## 1.Linear Regression

$\hat{y}=h_\theta(x)=\theta^Tx$ $J(\theta) = \frac{1}{2}\sum_{i}(h_\theta(x^i)-y^i)^2 = \frac{1}{2}\sum_i(\theta^Tx^i-y^i)^2$ $\frac{\partial J(\theta)}{\partial \theta} = \sum_i (h_\theta(x^i)-y^i)x^i$

## 2.Logistic Regression

$P(y=1|x)=h_\theta(x)=\frac{1}{1+\exp{(-\theta^Tx)} }$

where $$\sigma(z) = \frac{1}{1+\exp{-z} }$$ is called sigmoid or logistic function. $$h_\theta(x)$$ can be interpreted as the probability that $$y=1$$ .

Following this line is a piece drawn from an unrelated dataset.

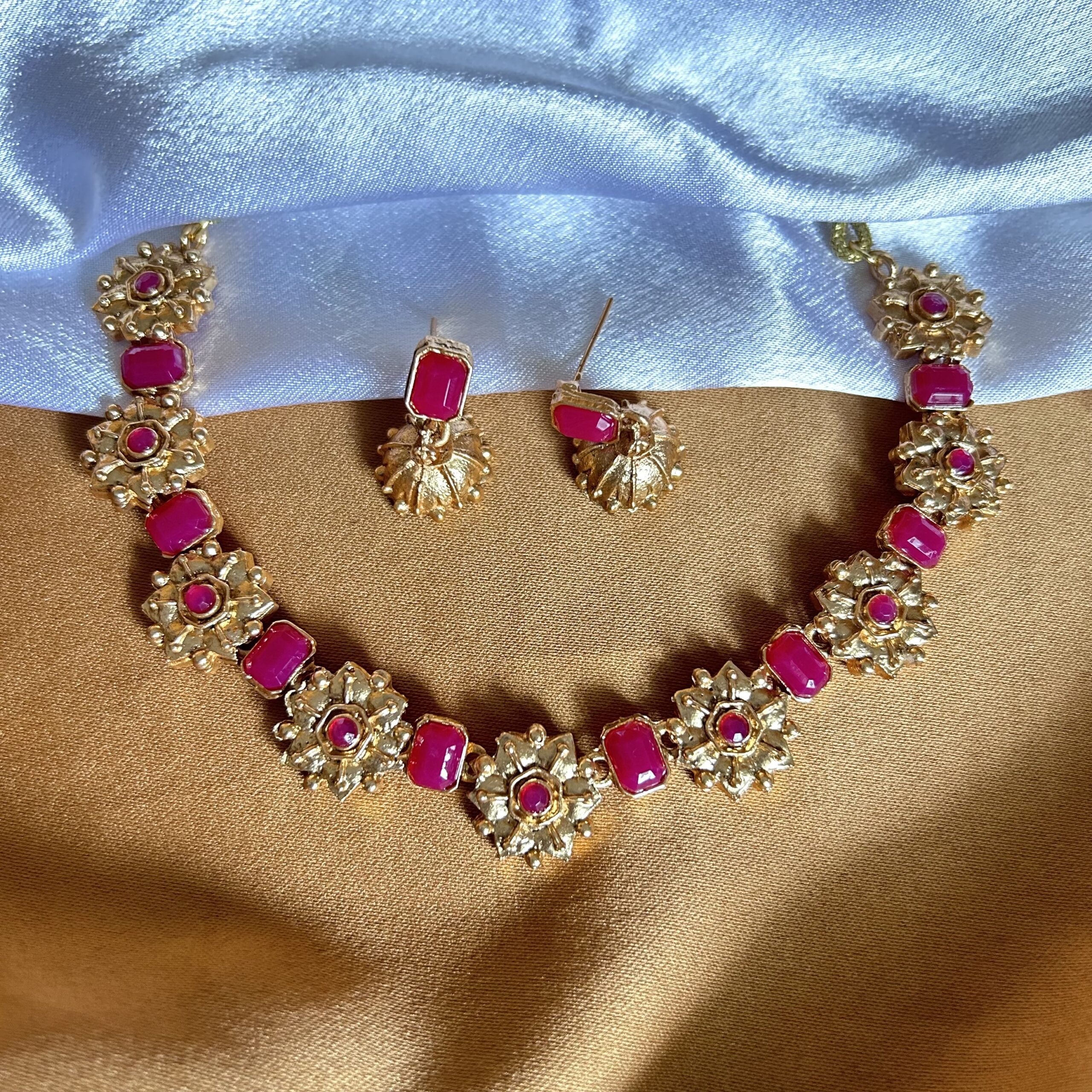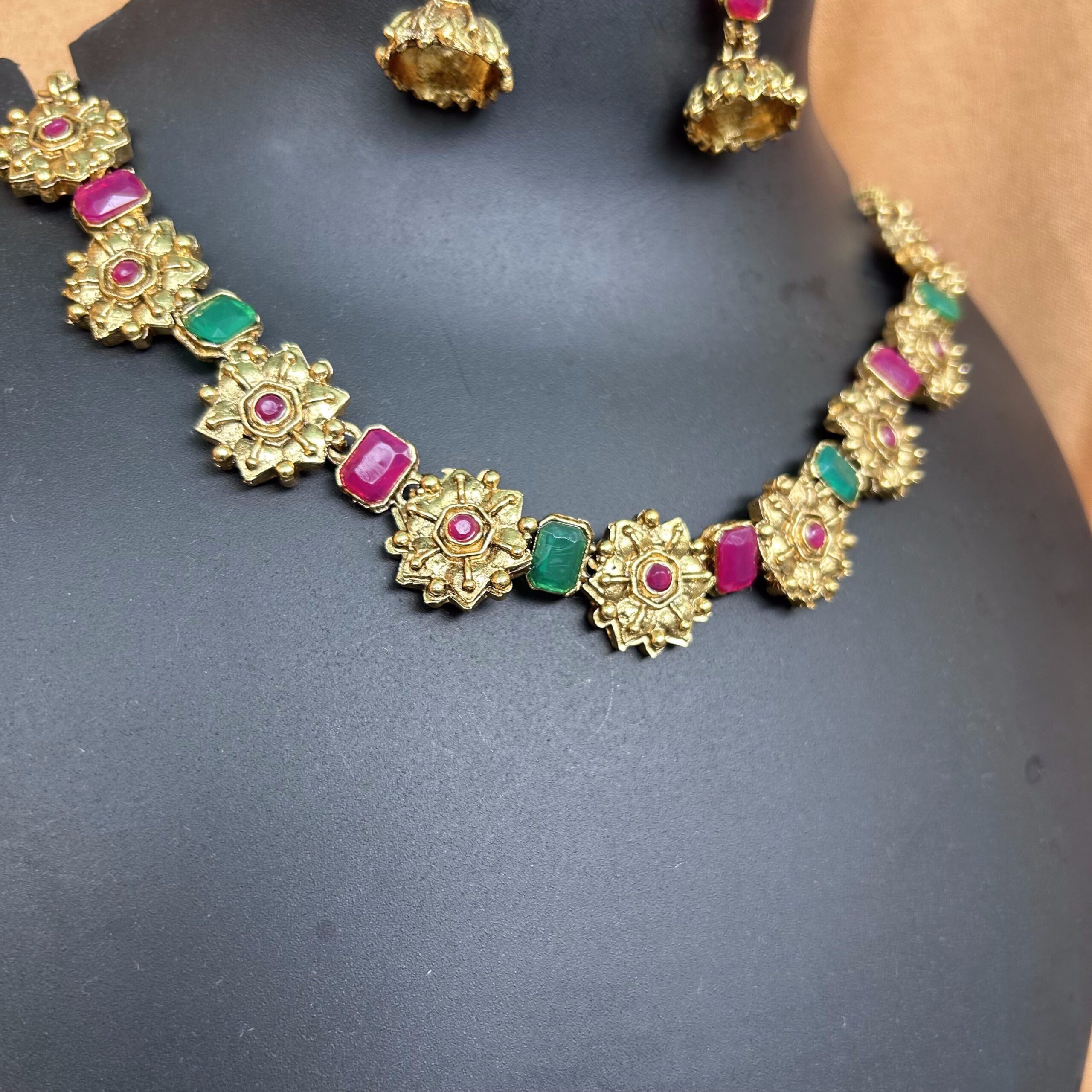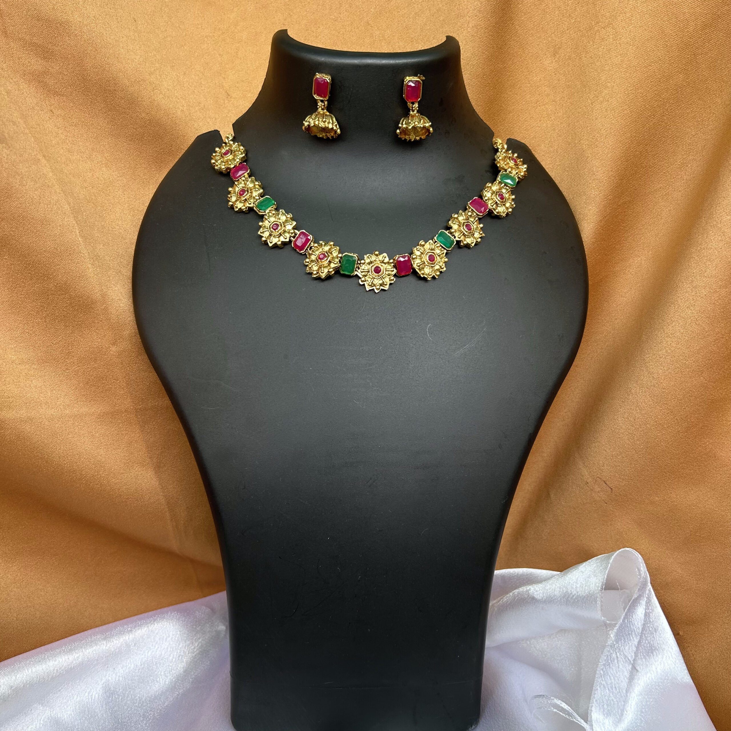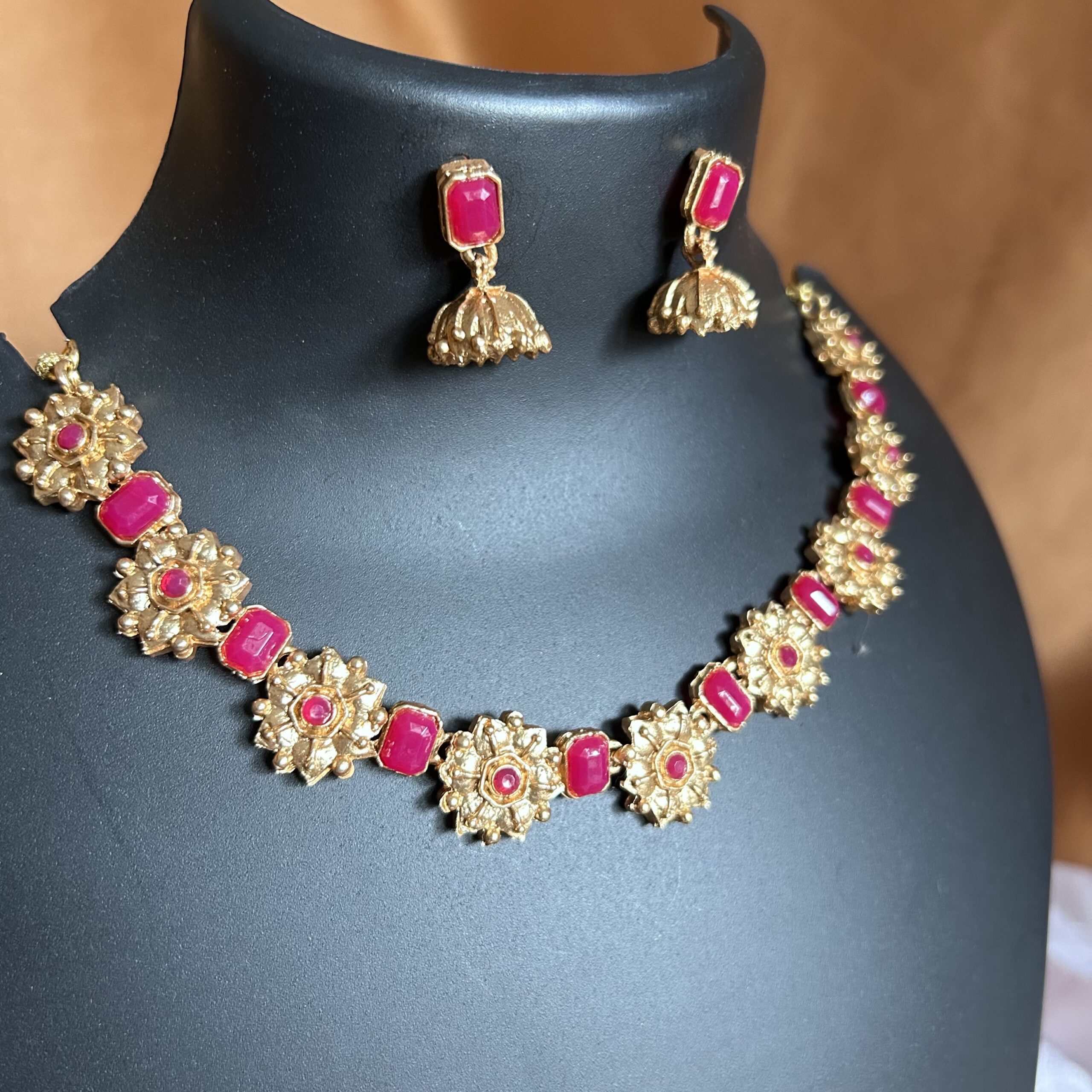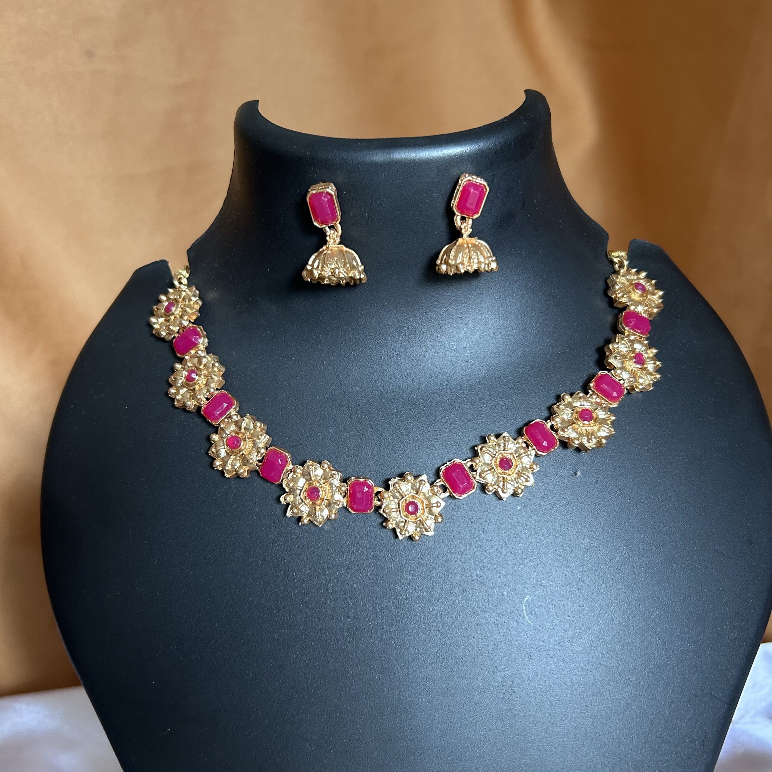 Stone and Floral Design Necklace with Jhumka

$J(\theta) = -\sum_i(y^i log(h_\theta(x^i))+(1-y^i)log(1-h_\theta(x^i)))$ $\frac{\partial J(\theta)}{\partial \theta} = \sum_i (h_\theta(x^i)-y^i)x^i$

Logistic回归可以看作是用sigmoid函数归一化的线性回归。

## 3.Softmax Regression

$h_\theta(x) = \frac{1}{\sum^K_{j=1}\exp{({\theta^j}^Tx)} } \left[\begin{array}{c}\exp{({\theta^1}^Tx)}\\ \exp{({\theta^2}^Tx)}\\ \vdots\\ \exp{({\theta^K}^Tx)}\end{array}\right]$ $J(\theta) = -[\sum_{i=1}^M\sum_{k=1}^K\textbf{1}(y^i=k)log\frac{\exp({\theta^k}^Tx^i)}{\sum_{j=1}^K\exp{ {\theta^j}^Tx^i} }]$ $\frac{\partial J(\theta)}{\partial \theta^k} = -\sum^M_{i=1}[\textbf{1}(y^i=k)-\frac{\exp({\theta^k}^Tx^i)}{\sum_{j=1}^K\exp{ {\theta^j}^Tx^i} }]$